_INSTRUCTIONS TO FOLLOW_
Copy out precisely the lines from the start of the data through the line with "万和 5.2kW大火力多重防护节能燃气灶C5L90S(天然气,液化气)", and keep pictures out of it.
---------------
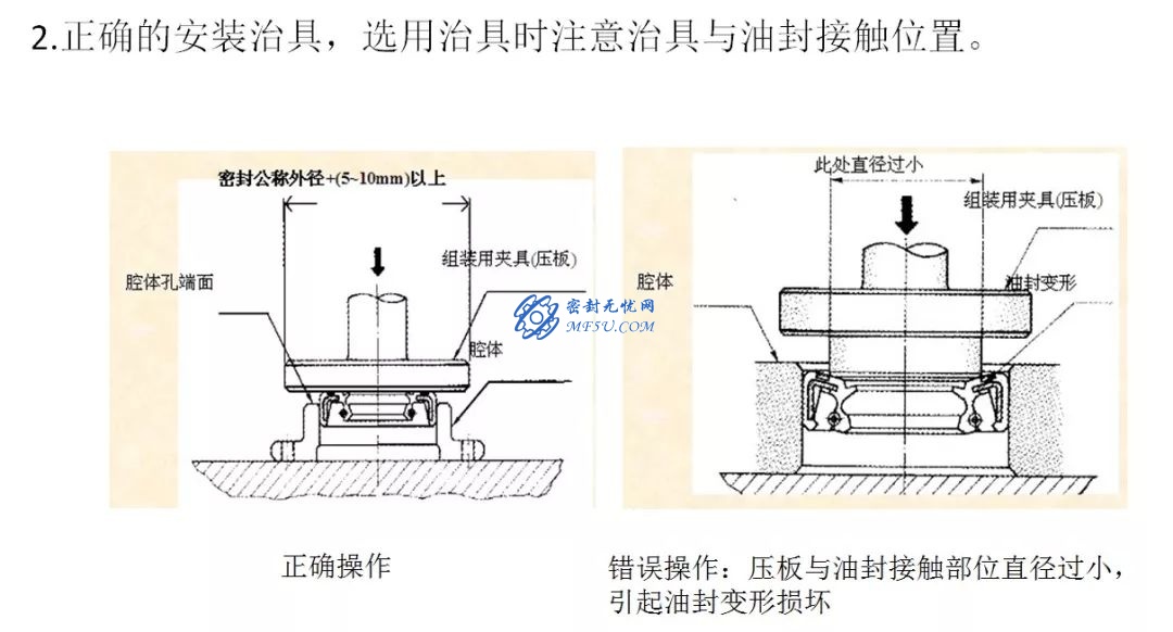 6、油封唇緣通過的螺紋、鍵槽、花鍵等處應采取各種措施來防止唇緣損傷,并用專用工具裝配。
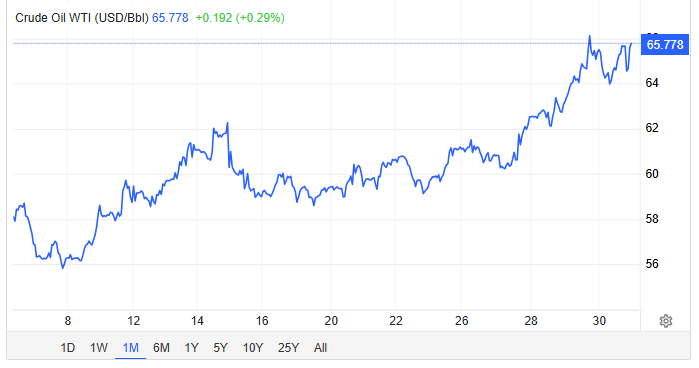 OIL FUTURES MARKET CHART FOR WEST TEXAS INTERMEDIATE (WTI) THIS MONTH – UP 21%
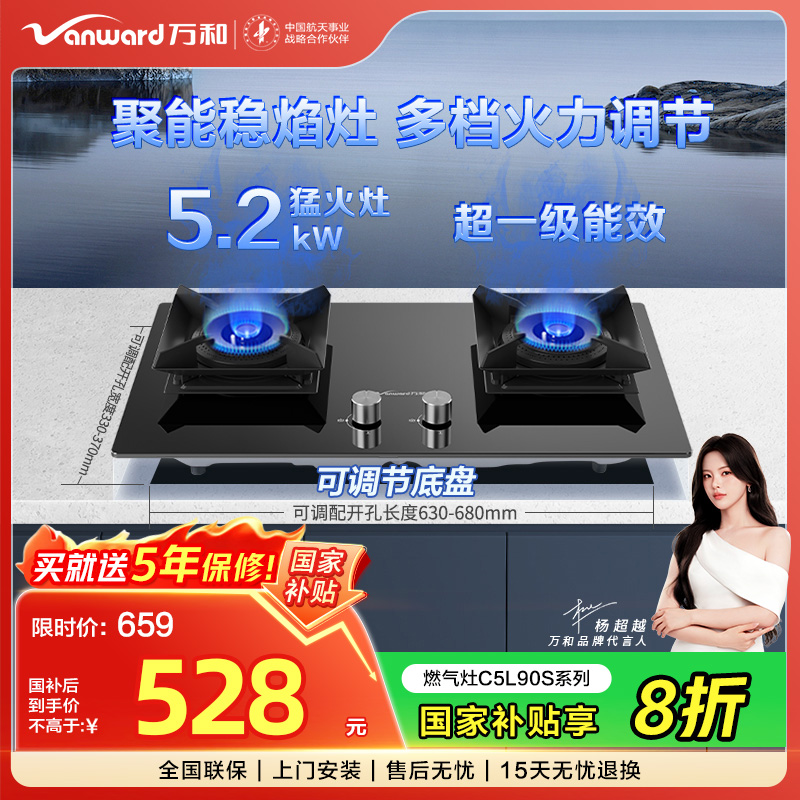 万和 5.2kW大火力多重防护节能燃气灶C5L90S(天然气,液化气)
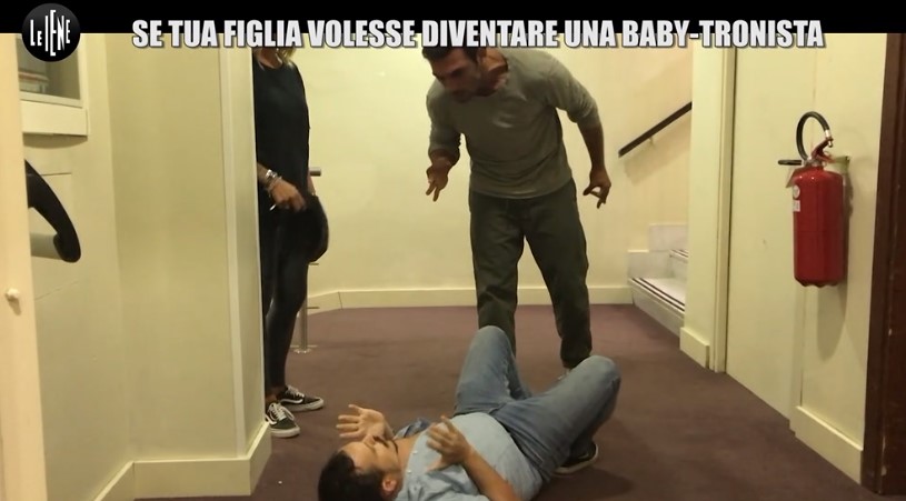 Giunto sul posto, scende dall’auto inferocito e la Capuano si mostra molto preoccupata: “Mamma mia, forse abbiamo un po’ esagerato. Succederà un casino”. Alla vista di Arca, fiutando il peggio, l’attore complice de “Le Iene” fugge disperato ma lui lo raggiunge e in un luogo dove non ci sono telecamere lo aggredisce. “Pezzo di m***a! Io ti ammazzo! Hai fatto piangere mia figlia, ti voglio ammazzare”, urla Arca.
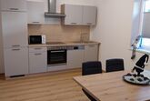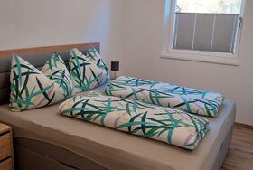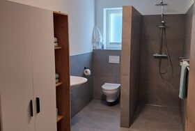 Unser Appartement (ca. 55m²) besteht aus zwei Doppelzimmern, einem Badezimmer mit Dusche und WC und einer vollausgestatteten Küche (Backrohr, Kühlschrank) mit Esstisch.
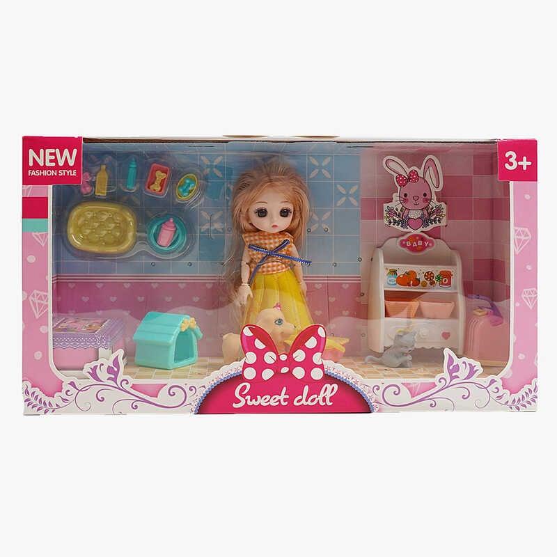 Лялька R 100-155-33 15 см, імітація скляних очей, шарнірні суглоби, аксесуари, в коробці
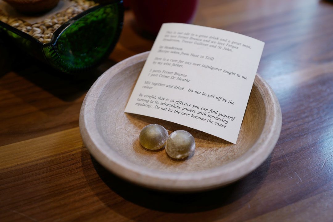 2014 Jurancon, Clos Thou, South West FranceLoquat Sorbet, Loquat Kernel Cream & Puffed AmaranthKaker til kaffen. Seated Barley Cake & Dundee Marmalade Cream. Endte opp med å kjøpe med en slik kaffekanne fra en butikk i Shoreditch. Så fin!Dr. Henderson’s Bon Bon med smak av bitter.Salted Caramel Chocolate i forgrunnen.
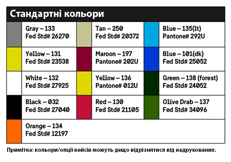 Кожному кейсу ISP2 призначено унікальний артикульний номер, що складається з 2 літер (EU) та 10 цифр. Ці цифри можна розділити на 4 групи, що позначають довжину, ширину, основу та глибину кейса. Див. рисунок нижче з докладнішим поясненням.
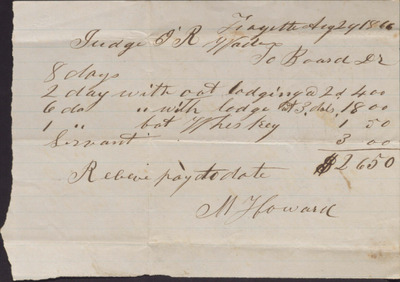 This receipt, dated August 29, 1866, documents the payment made by Isaac R. Wade to M. Howard board and lodging in Fayette, Mississippi for nine days at a cost of $26.50, including amenities.
---------------
_TASK SOLUTION_
 6、油封唇緣通過的螺紋、鍵槽、花鍵等處應采取各種措施來防止唇緣損傷,并用專用工具裝配。
 OIL FUTURES MARKET CHART FOR WEST TEXAS INTERMEDIATE (WTI) THIS MONTH – UP 21%
 万和 5.2kW大火力多重防护节能燃气灶C5L90S(天然气,液化气)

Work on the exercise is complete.